The result is a book dense with facts—two to four dozen on any given page, for a rough total of some 10,000 dates and places, names and numbers, and thousands of quotes.

But, as one of my mentors, the legendary University of Michigan, professor Sidney Fine, said, "There are no perfect books." No matter how hard we try, no matter how many expert readers review your copy, inevitably a few mistakes slip into the manuscript.

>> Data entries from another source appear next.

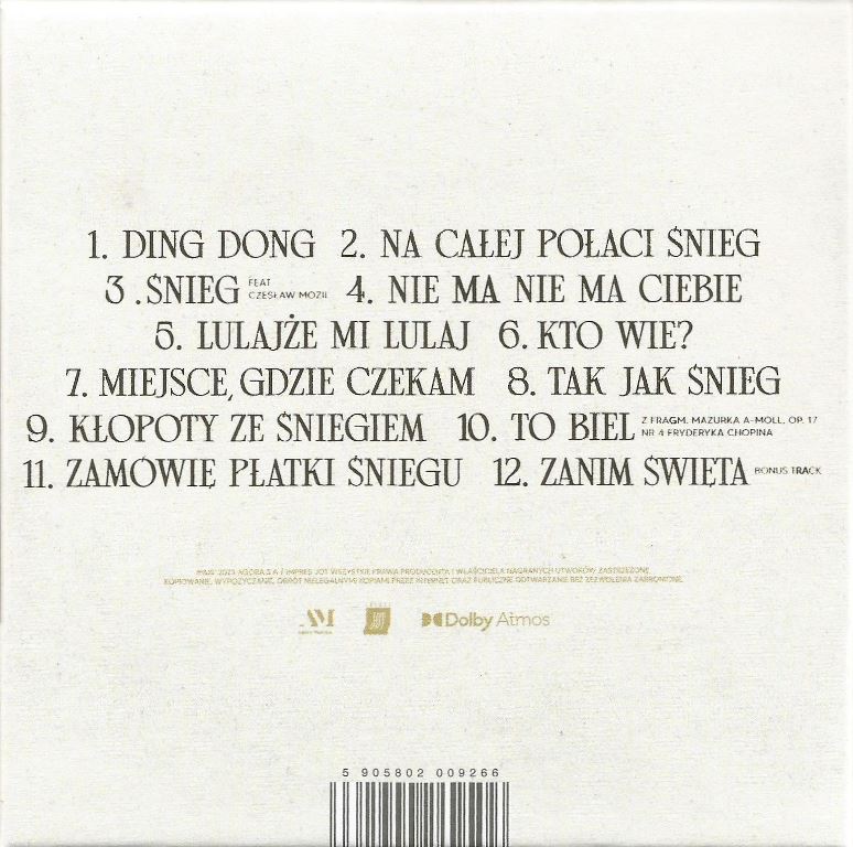 Zawiera: Ding dong ; Na całej połaci śnieg ; Śnieg (feat. Czesław Mozil) ; Nie ma nie ma ciebie ; Lulajże mi lulaj ; Kto wie? ; Miejsce, gdzie czekam ; Tak jak śnieg ; Kłopoty ze śniegiem ; To biel ; Zamówię płatki śniegu ; Zanim święta.
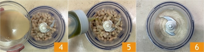 Nach der Garzeit der Bohnen diese abgießen und drei Viertel davon in einen Mixer geben, dann die Tahini 4, den Zitronensaft, das Öl 5 und das Salz hinzufügen. Mixen, um eine glatte und homogene Creme zu erhalten 6.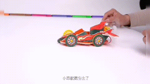 飞奔的猫:“我跑的很快,这是由于拉线压箱与轮子的结合,使弹性势能与动能相互转换,跟我比比看谁跑的更快吧!”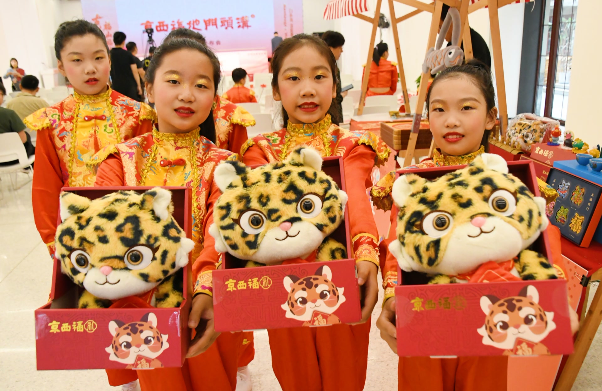 此外,现场发布的多款“京西福礼”文创产品同样吸睛。如取自潭柘寺“福海珠轮”匾额的拼图徽章,以及呼应“迎豹回家”生态计划的福豹玩偶。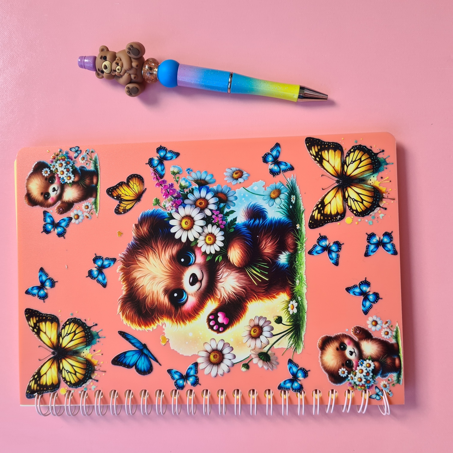 Notebook Design: Peach-orange A5 notebook featuring teddy bears with bouquets and blue and yellow butterflies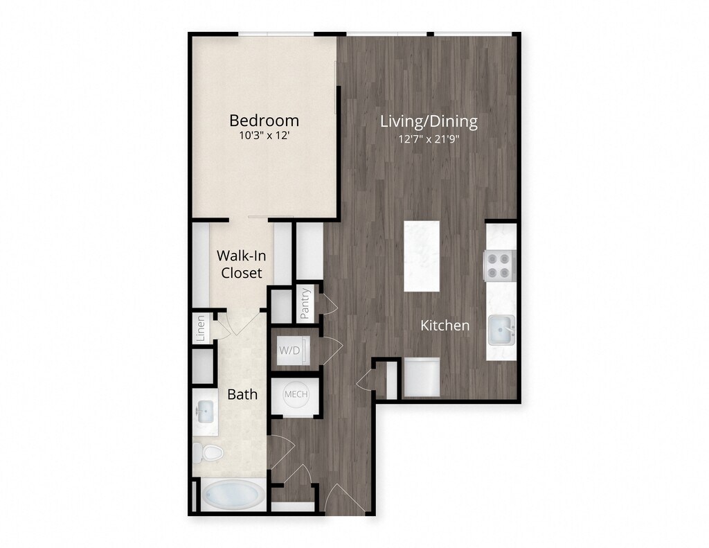 1 Bed, 1 Bath, 699-735 sq ftAvailable NowCheapest 1 BedroomThis is the cheapest 1 Bedroom at this PropertyModel Gallery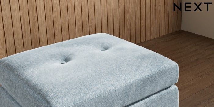 7.3.1 Buy Wilson Buttoned Back Footstool Plush Chenille Light Blue Metal Tapered - Gold from the Laura Ashley online shop

I immediately made three changes for the second printing (which is already shipping to stores) and the eBook.

 

  • Northwestern tailback Venric Mark is incorrectly identified as Mark Venric, which is what can happen when proofreaders in New York who are not familiar with Big Ten football go over your copy.
  • In the scene describing Jay Paterno’s outburst toward the Penn State players in the locker room, over a dozen players and staffers told me it occurred during the Nebraska game, the week after Sandusky was arrested. Not one person told me otherwise, so I had no reason to doubt it. (This is not the kind of fact you can Google.) When it came to my attention that it might have been the Illinois game, I immediately called up several players. They all still believed it was Nebraska. I wasn’t in that locker room, of course, and it turns out, based on the best assessment of the game situation and Drew Astorino’s recollection – which even he says is not 100-percent -- it probably was Illinois. Finding Astorino persuasive, I changed that – but it does not affect the point of the story.
  • Finally, in Athletic Director Dave Joyner’s outburst during the players-only meeting to decide whether to go to the TicketCity Bowl or not, he argued they should accept it for several reasons, including expected financial burdens, but obviously he did not know the NCAA would fine the program $60 million for the Sandusky scandal until the sanctions came down on the morning of Monday, July 23, 2012. An error of chronology, and that one is on me. I address Penn State’s NCAA sanctions a total of 34 times, on 28 different pages, from page 2 to page 339. My knowledge of what happened when, and how each penalty actually affected the program, is thorough. This fact appears earlier than it should. That’s been changed.

 

As for Snoop Dogg picking up Silas Redd in a limousine at the airport – which I mention in 14 words on page 3, and repeat on page 83 -- according to my notes, several Penn State players brought that up to me on August 28, and again on October 31, and others confirmed at various points during the season. As one player told me after the book published, "It was common knowledge." I stand by my reporting, and my sources.

I’ve been doing this work for over two decades, writing for The Wall Street Journal, The New York Times, Sports Illustrated, ESPN Magazine, and a couple dozen other national publications, in addition to producing six respected books. I do everything I can to ensure you are not only getting a compelling story, but a true one.

Is it a perfect book? No, it is not – like every other book ever published.

But is it a serious work of painstaking research and writing you can trust? Absolutely.

I hope you enjoy reading it as much as I enjoyed writing it.